Why do Arc and Mutex allow me to change the value of an immutable variable?

Question

Take this example:

fn main() {
    let dato = std::sync::Arc::new(std::sync::Mutex::new(1u8));

    for _ in 0..3 {
        let value = dato.clone();

        std::thread::spawn(move || {
            let v = value.lock().unwrap();
            *v += 1; // <- Error
        });
    }

    std::thread::sleep(std::time::Duration::from_secs(1u64));

    println!("{:?}", dato);
}

cannot borrow immutable local variable v as mutable

I know that changing to mut works:

std::thread::spawn(move || {
    let mut v = value.lock().unwrap();
    *v += 1;
});

but why does this work:

let value = dato.clone();

std::thread::spawn(move || {
    *value.lock().unwrap() += 1;    
});

playground

Answer 1

value.lock().unwrap() returns a value of type MutexGuard, which has a DerefMut implementation:

impl<'mutex, T: ?Sized> DerefMut for MutexGuard<'mutex, T> {
    fn deref_mut(&mut self) -> &mut T { ... }
}

DerefMut::deref_mut(x) is equivalent to &mut *x; naturally, DerefMut is also used for assignments under the pointer, like in your case.

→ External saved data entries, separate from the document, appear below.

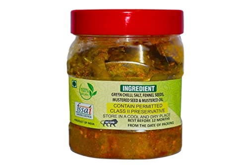 Aarohi Organic Homemade Marwadi Rajasthani Green Chilli Pickle Achaar Taste of Rajasthan -400 Gram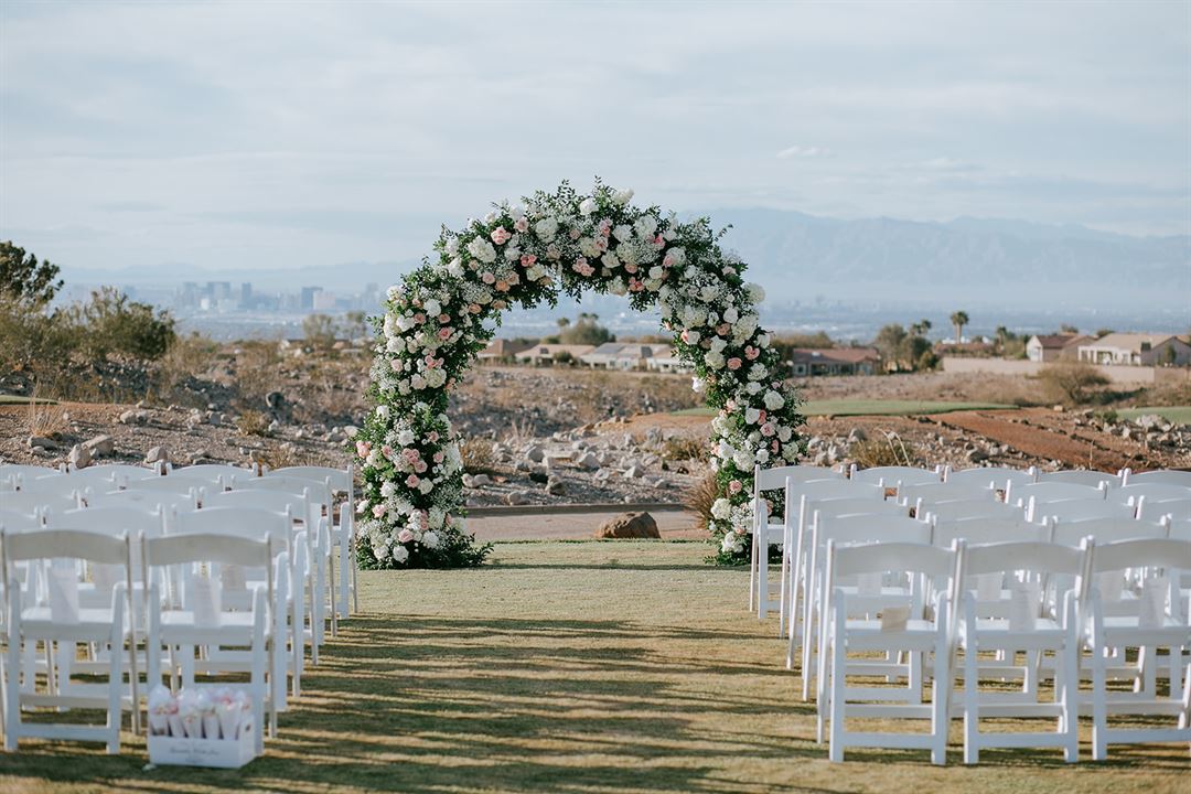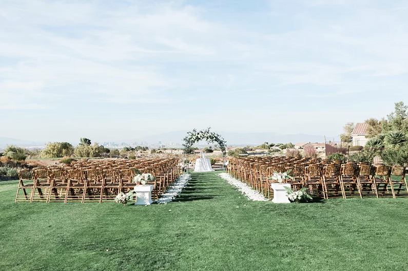 The Revere Golf Club provides an all-inclusive Las Vegas wedding experience from the venue to catering to florists and photography, we can handle every detail of your special day. Offering four unique ceremony sites, three outdoors and one indoor site, with space enough to host up to 350 of your guests. The outdoor sites each highlight a feature of the Club from the rolling hills of the championship golf course to lake views to panoramic views of the famous Las Vegas skyline. Following your ceremony, your guests will be treated to a gourmet dining experience at our Clubhouse which maintains that unending view to the Las Vegas skyline. The Clubhouse features accommodations for up to 200 guests at one of three banquet spaces or host up to 350 friends and family on our vast lawn for an al fresco event.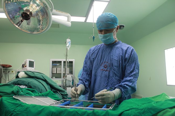 医生从显微包取出显微镊准备手术。
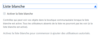 Activez la liste blanche qui permet de contrôler qui peut avoir accès a votre liste de produits proposés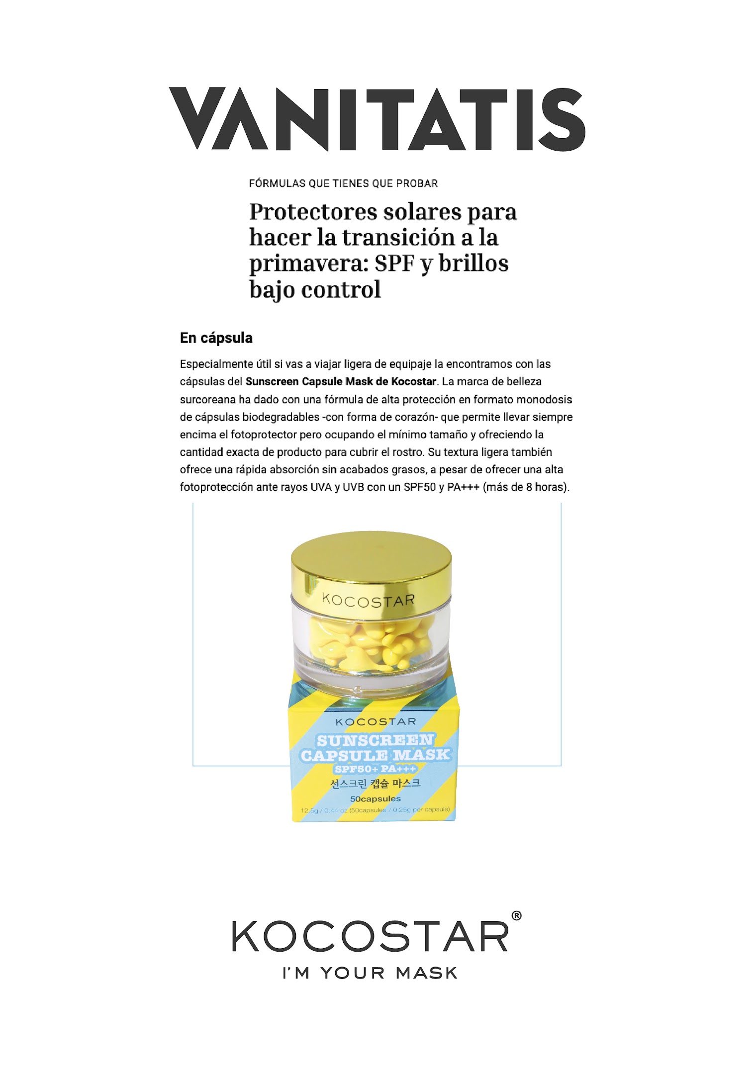 Protector solar de amplio espectro SPF 50+ PA+++ aplicable en monodosis. Protege frente a los rayos UVB y UVA. Con antioxidantes. Bloquea los rayos UVB (quemaduras solares) y UVA (fotoenvejecimiento) de manera eficaz. Con una textura suave, ligera y de rápida absorción; además, calman e hidratan la piel. Cada capsula contiene la cantidad ideal para aplicar sobre el rostro. Se pueden aplicar sobre el maquillaje (¡sí a la re-aplicación!). Son ideales para llevarlos contigo en cualquier momento. Con 50 monodosis (nada de solares oxidados o malgastar producto de forma innecesaria). Sus cápsulas son biodegradables, están hechas con almidón de maíz y carragenina. PROTECCIÓN DE ALTO ESPECTRO: Uno de los requisitos necesarios que exige el mercado coreano a un buen protector, es que ha de ofrecer protección de alto espectro: 1. Protección frente a los rayos UVA: los que penetran hasta la dermis, tienen efecto acumulativo y son responsables del fotoenvejecimiento, del cáncer cutáneo y de la aparición de manchas. 2. Protección frente a los rayos UVB: los que inciden sobre la epidermis, causando quemaduras solares. TEXTURA INCREÍBLE Y CON BENEFICIOS EXTRAS: Los protectores solares coreanos se caracterizan por tener unas texturas suaves, fluidas y ligeras (incluso con filtro físico), que te invitan a proteger tu piel de una manera muy cómoda, y además aportan hidratación, glow y jugosidad. Cuentan con activos también disponibles en sus sheet masks y serums preferidos, como activos hidratantes, humectantes y antioxidantes.

Therefore, for *v += 1 to work, v should be a mut variable - otherwise it would be impossible for DerefMut::deref_mut to be invoked at all.

*value.lock().unwrap() += 1 works because now value.lock().unwrap() is a temporary variable without an explicit binding, so Rust is free to assign its mutability automatically.

The fact that Mutex contains an UnsafeCell inside is not related to this particular thing about DerefMut directly; however, it does mean that Mutex provides something called internal mutability, i.e. it allows one to mutate its contents through a shared reference. You can read more on it in the book.